7 May 2012

White Flight or Movin’ On Up?

Filed under: Culture — ktismatics @ 11:29 am

This post was prompted by reading the comments on another blog, in which the “white flight” from US cities over the past century supposedly represents a fear response to black and latino crime culture…

I remember learning in a college economics course that, in urban areas worldwide, real estate prices increase the closer the property gets to downtown. As a Chicagoland kid I was surprised. Sure, the Gold Coast high-rises were deluxe, but most of the central city residents were poor people living in tenements. Yes, the price gradient holds true in the ghettos too, the professor assured us: it’s the price per square foot that needs to be considered. Most inner-city apartments are very small. To rent an apartment on the near South or North Side might cost half the monthly mortgage payment for a single-family house in the suburbs, but the apartment might be 500 square feet while the house is 2000 square feet, not including the cute little yard and garden area.

This discrepancy in price per square foot was a prime motivator for real estate investors to buy up inner-city apartment buildings and then rent them out: the unit markup is higher, yielding greater return on investment. To get out of the inner city money pit, a renter had to have enough money both to put down a deposit and to pay the mortgage — white-collar workers for the most part. Developers of suburban subdivisions made it harder and harder to get out of the rent trap: they kept building bigger houses with bigger price tags. I don’t have the statistics ready to hand, but I recall that the average single-family home in the US nearly doubled in size from the mid-60s to the mid-00s.

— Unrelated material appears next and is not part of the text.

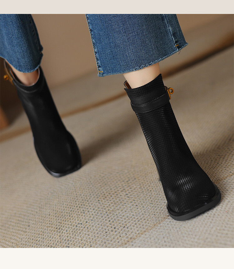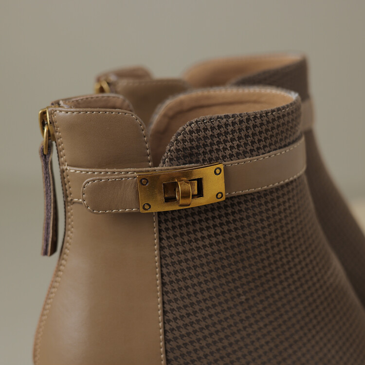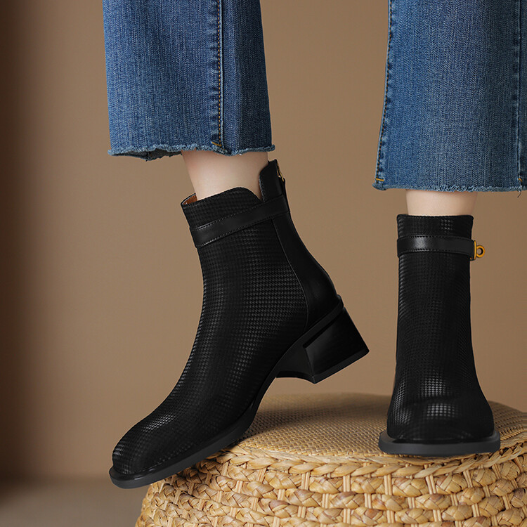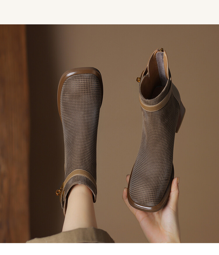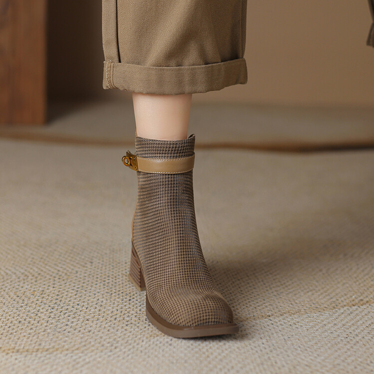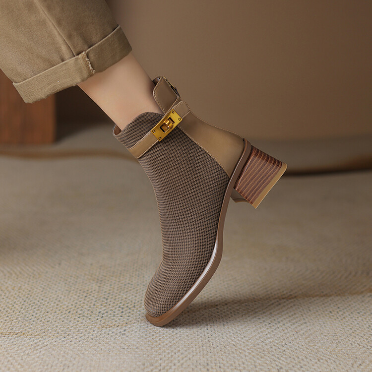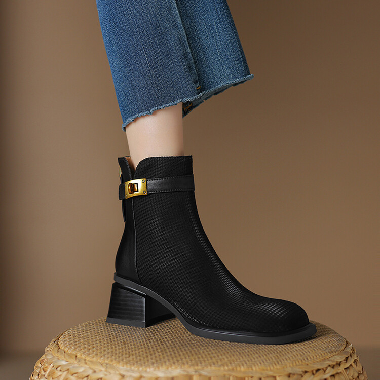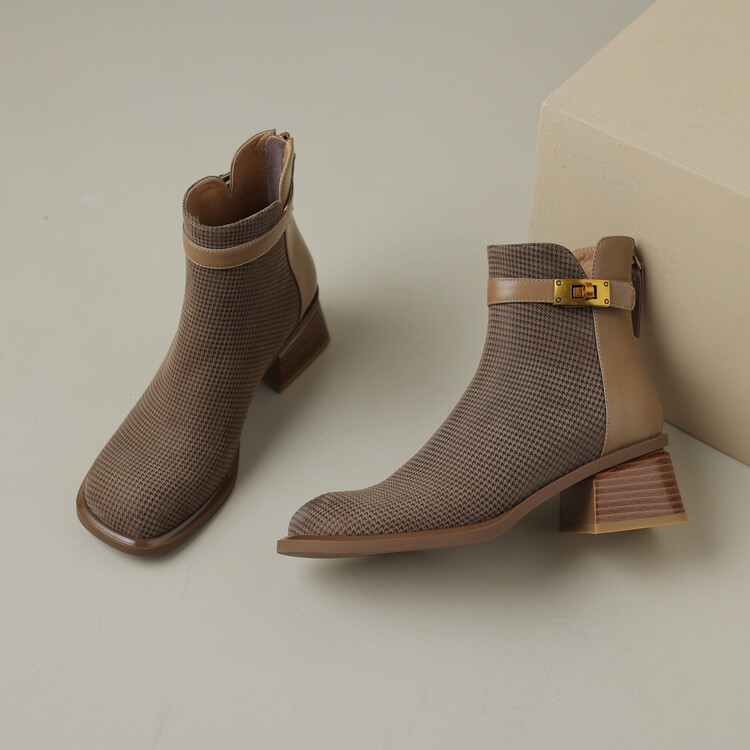 【预售5天】秋冬新款复古时尚牛皮粗跟短靴女拼接后拉链通勤马丁靴WXJFG&W8026-X

The divide between urban and suburban widened: the suburbanites kept buying bigger houses farther away from downtown; the poor were left behind, stuck with paying those exorbitant per-square-foot monthly rents in the inner city or, if they could scrape the money together, buying a little place in the first-ring suburbs that their first-generation owners had flipped for a tidy profit.

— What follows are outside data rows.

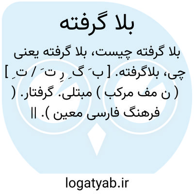 بلاگرفته. [ ب َ گ ِ رِ ت َ / ت ِ ] ( ن مف مرکب ) مبتلی. گرفتار. ( فرهنگ فارسی معین ). || خطابی نفرین آمیز کسی را.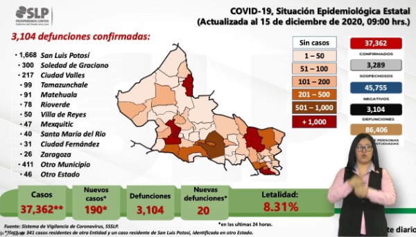 Las cifras en SLP alcanzan los 37 mil 362 pacientes y las 3 mil 104 defunciones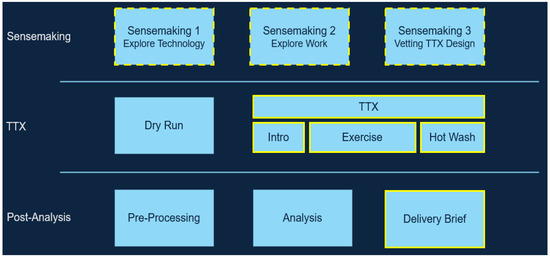 Caffrey [22] notes that the primary difference between a TTX and a wargame is that a wargame involves a thinking adversary, while a TTX can be played without one (the adversarial elements are typically developed and scripted prior to the TTX). For the sake of simplicity, we acknowledge this distinction, but use the term TTX throughout the remainder of this manuscript to be inclusive of both proper wargames and TTXs (a subset of wargames). TTXs have been historically used to develop and test military tactics [22] but have more recently been adapted for use in systems engineering contexts. For example, TTXs have been used to develop novel concepts for system employment [23], assess employment and adoption of novel technologies like unmanned systems [24,25], elicit requirements for user interfaces [26], and develop and refine measures of cyber resiliency to support test and evaluation activities [27]. TTXs are a mechanism to proactively expose a novel technology to an envisioned version of a future sociotechnical system, i.e., something advocated as being critical to better development and acquisition of intelligent systems [28,29].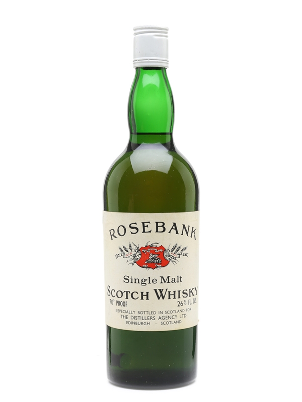 A bottle of Rosebank single malt, specially bottled in Scotland for The Distillers Agency Ltd. We estimate this was bottled in the 1970s.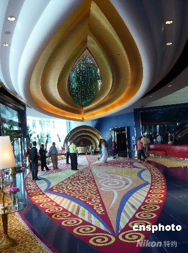 圖為帆船酒店具有阿拉伯民族傳統(tǒng)文化風(fēng)格裝飾的豪華大廳。中新社發(fā) 錢興強(qiáng) 攝

No doubt the slumlords realized that their inner-city party was coming to an end. Blue-collar jobs were being exported overseas, so fewer of their working-class tenants had the money to make the exorbitant inner-city rent payments.  The tenement owners started selling off their inner-city rental units one at a time to the people who lived in them. Prices were cheaper than suburban houses, plus the bankers cooked up zero-down balloon payment schemes to lure in even the most precarious potential buyers. The balloons inflated, then they burst. The mortgage banks repossessed the houses, then they got bailed out by the federal government so they could hold onto those “toxic assets.” Gradually they’ve been selling their housing inventory off, mostly to investors who buy these units as rental properties. So the real estate investors sold their inner-city properties to families at inflated prices, then bought them back from the banks at deflated prices — sell high, buy low. And now the investors are renting those same properties back to the families to whom they sold them a few years ago, families who defaulted on their mortgage payments because their jobs got outsourced or robotized.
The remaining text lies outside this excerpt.